>>

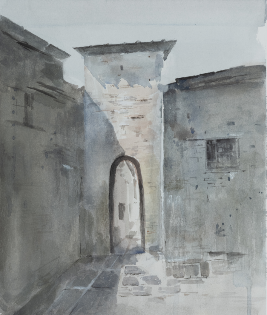 学生作品:美术学2308班,程泊乔灰墙拱下的留白》,38cmX42cm
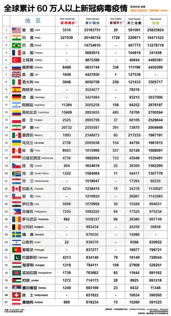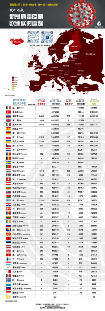 欧洲时报欧美新型冠状病毒肺炎疫情播报 新增病患32548(捷克504)累计病患49781766(捷克1634619)新增病亡1452(捷克22)病亡1060131(捷克29365)病愈28949060(捷克1562295) Categorised in: 今日世界, 今日捷克, 今日欧洲, 抗击新冠病毒
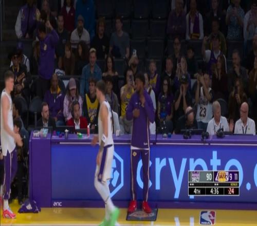 抓住机会展示自己!湖人胜券在握布朗尼末节剩4分36秒被换上场!
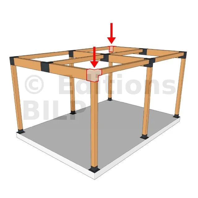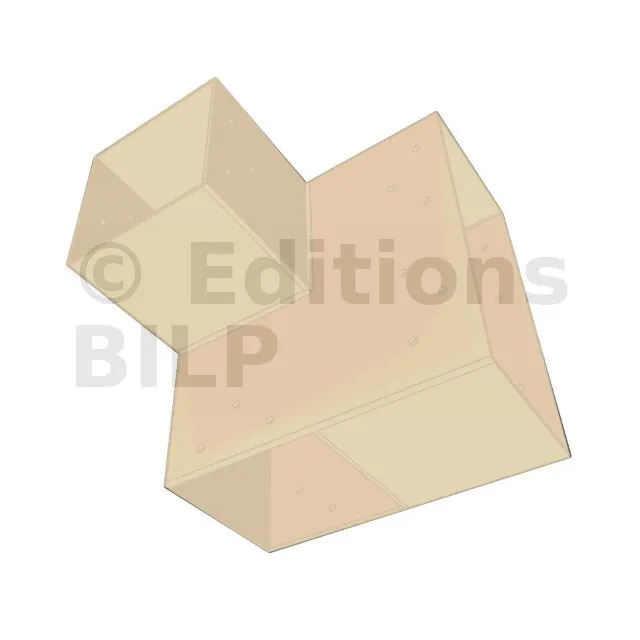 Il est utilisé dans un angle extérieur. Ce connecteur va permettre de raccorder une grosse poutre 240x120mm perpendiculairement à une poutre 120x120mm, le tout étant supporté par un poteau vertical 120x120 mm.
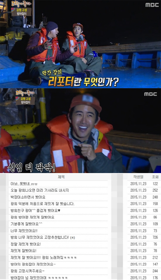 이날 광희는 23년차 리포터 정진수와 완벽한 호흡을 자랑했다. 광희는 발랄하면서도 진지한 자세로 방어 잡이 작업에 임했고, 중간 중간 예능감 역시 선보이며 웃음을 놓치지 않았다.
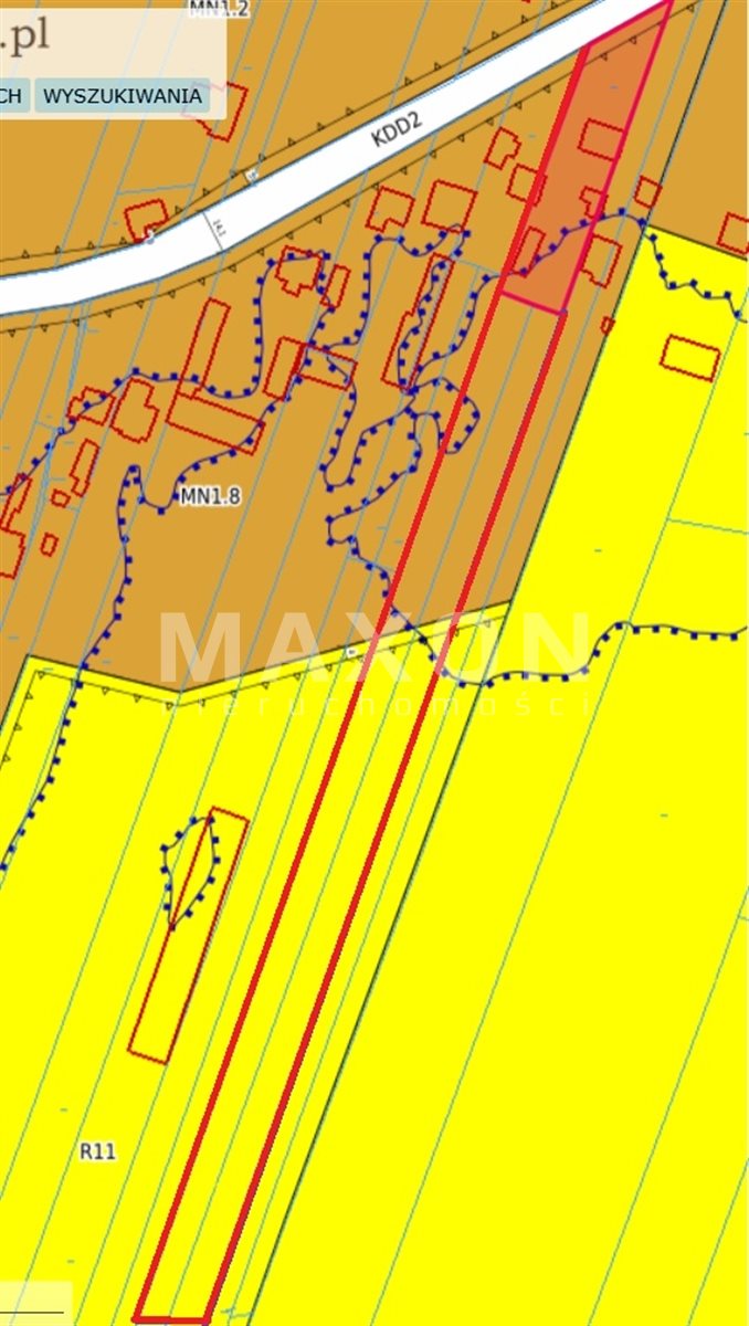Nearby amenities include a school, a church, and a Dino supermarket. The lot is situated on one of the main roads in Kazuń, but its rear section is very quiet, making it an ideal place to live away from the hustle and bustle of the city.

<<

### About this exercise
A faithful copy of all the entries is required, pictures excluded.

### Response box
 学生作品:美术学2308班,程泊乔灰墙拱下的留白》,38cmX42cm
 欧洲时报欧美新型冠状病毒肺炎疫情播报 新增病患32548(捷克504)累计病患49781766(捷克1634619)新增病亡1452(捷克22)病亡1060131(捷克29365)病愈28949060(捷克1562295) Categorised in: 今日世界, 今日捷克, 今日欧洲, 抗击新冠病毒
 抓住机会展示自己!湖人胜券在握布朗尼末节剩4分36秒被换上场!
 Il est utilisé dans un angle extérieur. Ce connecteur va permettre de raccorder une grosse poutre 240x120mm perpendiculairement à une poutre 120x120mm, le tout étant supporté par un poteau vertical 120x120 mm.
 이날 광희는 23년차 리포터 정진수와 완벽한 호흡을 자랑했다. 광희는 발랄하면서도 진지한 자세로 방어 잡이 작업에 임했고, 중간 중간 예능감 역시 선보이며 웃음을 놓치지 않았다.
Nearby amenities include a school, a church, and a Dino supermarket. The lot is situated on one of the main roads in Kazuń, but its rear section is very quiet, making it an ideal place to live away from the hustle and bustle of the city.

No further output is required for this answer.